Gerakan Desa Membangun (GDM), sebuah gerakan yang berangkat dari inisiatif kolektif desa-desa di Indonesia untuk mengelola sumber daya desa dan tata pemerintahan yang baik, telah mencatat sebuah sejarah membanggakan. Melalui suatu gagasan yang ditelurkannya, yaitu Desa Melek Informasi dan Teknologi (DEMIT). DEMIT mengadakan Video Conference dengan dengan tema Sosialisasi RUU Desa, melibatkan kurang lebih 360 desa dari 36 titik berbeda di seluruh Indonesia di Jakarta pada Senin (9/12).
Kegiatan Video Conference DEMIT yang baru pertama kali dilakukan di Indonesia ini memecahkan Museum Rekor Indonesia (MURI) sebagai Video Conference dengan titik lokasi terbanyak.
DEMIT berisikan anak-anak muda pegiat informasi dan teknologi (IT) di Banyumas, Jawa Tengah. Peserta Video Conference adalah para kepala desa, perangkat desa dan warga desa yang ada di Indonesia, mulai dari Aceh sampai Papua.
Kegiatan ini dilakukan untuk membuktikan kesiapan desa ambil bagian dalam kemajuan teknologi informasi, juga memanfaatkannya untuk kemajuan desa —utamanya dalam menyambut RUU Desa yang akan segera disahkan.
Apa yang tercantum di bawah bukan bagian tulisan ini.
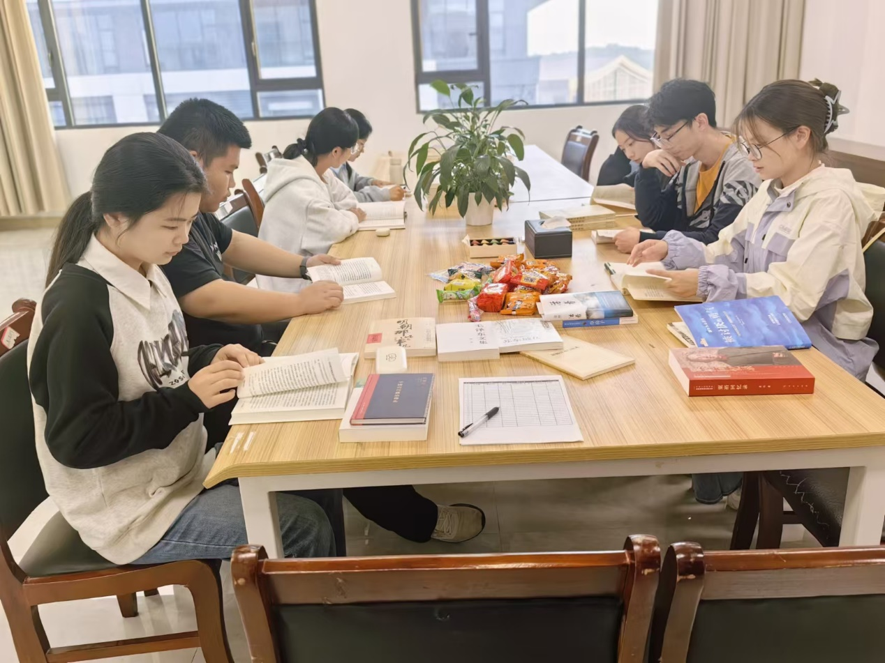 同学们读书交流现场,张欣康书记与同学们分享了一系列的读书方式,勉励同学们要坚持多读原著,静下心读书,用好碎片化时间读书,并要善于将所读所学创造性转化和创新性发展,做到学以致用,知行合一等等。

Budiman Sudjatmiko, Wakil Ketua Pansus RUU Desa dan Pembina GDM, didapuk menjadi pembicara untuk berinteraksi langsung melalui konferensi video dengan para kepala desa, perangkat desa dan warga desa.
Ia mengatakan bahwa UU Desa dan DEMIT adalah dua amunisi penting untuk menuju nol kemiskinan di Indonesia. “Saya punya visi ke depan Indonesia nol kemiskinan, yaitu cukup sandang, pangan, dan papan. UU Desa adalah jalan untuk mencapai nol kemiskinan, melalui strategi membangun daulat desa. Pembangunan harus bertumpu dari bawah yaitu pada kemampuan 73.000 desa untuk menyangga kemajuan republik ini. Sedangkan DEMIT hadir sebagai salah satu wujud kesiapan desa menjalankan UU Desa,” kata Budiman.
Irman Meilandi, penggiat GDM mengatakan “Ini adalah terobosan. Membuktikan kesiapan desa menyambut pintu pembangunan yang dibuka oleh UU Desa. Metode konferensi video ini memungkinkan efisiensi komunikasi aparatur negara dengan unit terkecilnya. Metode seperti ini nantinya dapat menjadi metode komunikasi politik pemimpin dengan rakyatnya.”
Selanjutnya, GDM juga akan membangun dan mengembangkan fasilitas di berbagai wilayah di Indonesia. “Tidak akan berhenti di sini saja, nantinya akan ada situation room GDM dengan basis video conference yang siap sedia untuk komunikasi antardesa secara intensif sebagai fasilitator pemberdayaan,” ungkap Irman.
GDM tercetus pada 24 Desember 2011 di Desa Melung, Kedungbanteng, Banyumas. Gerakan ini lahir sebagai kritik atas praktik pembangunan perdesaan yang cenderung dari atas ke bawah (top down) dibanding dari bawah ke atas (bottom up). Sehingga desa sekadar menjadi objek, bukan sebagai subjek pembangunan. Desa tidak kurang diberi kewenangan dalam mengelola sumber daya di wilayahnya.